Friday, November 21, 2014

Fun Friday Facts #96: Why Do We Eat the Things We Eat for Thanksgiving?

If you’re reading this in the United States, Thanksgiving Day is nearly upon you/us. (If you’re reading this in Canada, I hope you had a lovely Thanksgiving, and if you’re reading this in Europe, yes, we really do eat that much, and no, we don’t do it every day. Honest.) If you’re the red-blooded American I know you are, you’re fixin’ to chow down on turkey, pumpkin pie, mashed potatoes, cranberry sauce, green beans, stuffing and Waldorf salad.

Wait, was it just my family that served Waldorf salad? See, this is why I don’t go home for Thanksgiving anymore.

But you probably never gave much thought to why we eat the specific things we eat on Thanksgiving. You probably just assumed that we eat the same things the Pilgrims ate at the First Thanksgiving. But while the Pilgrims definitely feasted on some unspecified “wild fowl,” we have no way of knowing that it was turkey. They also didn’t eat potatoes, or pumpkin pie, and probably didn’t eat cranberry sauce – if they did, they would have sweetened it with maple syrup because granulated sugar wasn’t a thing back then. Don’t even get me started on the Waldorf salad.

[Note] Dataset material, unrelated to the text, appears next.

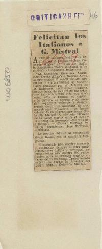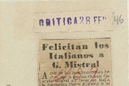 Felicitan los italianos a G. Mistral. [artículo] Crítica (Diario : Buenos Aires, Argentina)-- feb. 28, 1946, p. s/n. .
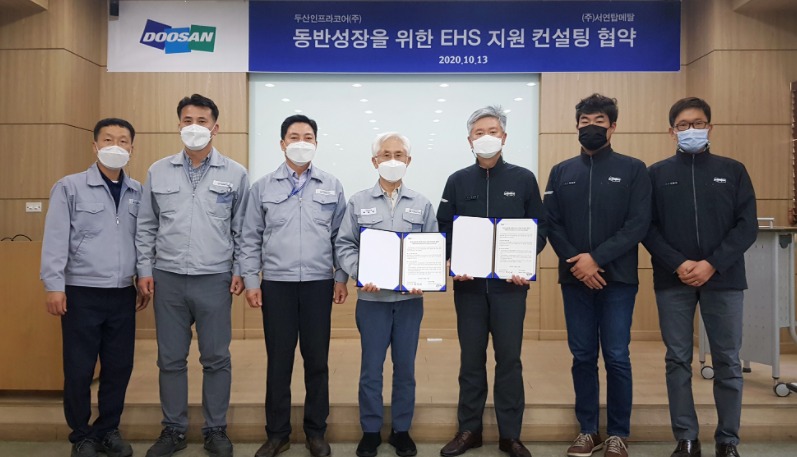 두산인프라코어는 13일, 주요 협력사인 ㈜서연탑메탈과 ‘동반성장을 위한 협력사 EHS지원 컨설팅 협약’을 체결했다.(사진) 두산인프라코어는 앞으로 27개 협력사와도 순차적으로 협약 체결 후 EHS지원 컨설팅을 진행할 예정이다.

In fact, the Pilgrims and the Wampanoag at the first Thanksgiving feast ate a lot of venison, thanks to the generosity of the Wampanoag chief, who donated five deer to the feast. The “wild fowl” they ate could have been turkey, but since wild turkeys are aggressive, hard to catch and kind of stringy, they probably ate pheasant, goose or duck instead. They also probably ate a lot of fish and seafood, onions, nuts, beans, a cornbread dish known as boiled bread, and squashes of all kinds, including pumpkins, most likely stewed with butter, vinegar, and spices.

So, if the Pilgrims and the Wampanoag ate random birds, venison, fish, and boiled things for the first Thanksgiving, why do we eat turkey and pumpkin pie? Well, obviously because pumpkin pie is much, much better than boiled pumpkin slurry, duh.

There are different theories as to why we eat turkey on Thanksgiving. Some feel that the choice was a practical one – turkeys are perhaps the only birds large enough to satisfy the American appetite, I mean, feed the entire family. Turkeys are also native to the Americas, and were apparently almost our national bird, which would have made Thanksgiving interesting indeed.

Others point out that Scrooge gave the Cratchit family a turkey at the end of A Christmas Carol, a book that was published right around the time that enthusiasm for the creation of a national Thanksgiving holiday was building. I never actually read A Christmas Carol because fuck that, so this was news to me.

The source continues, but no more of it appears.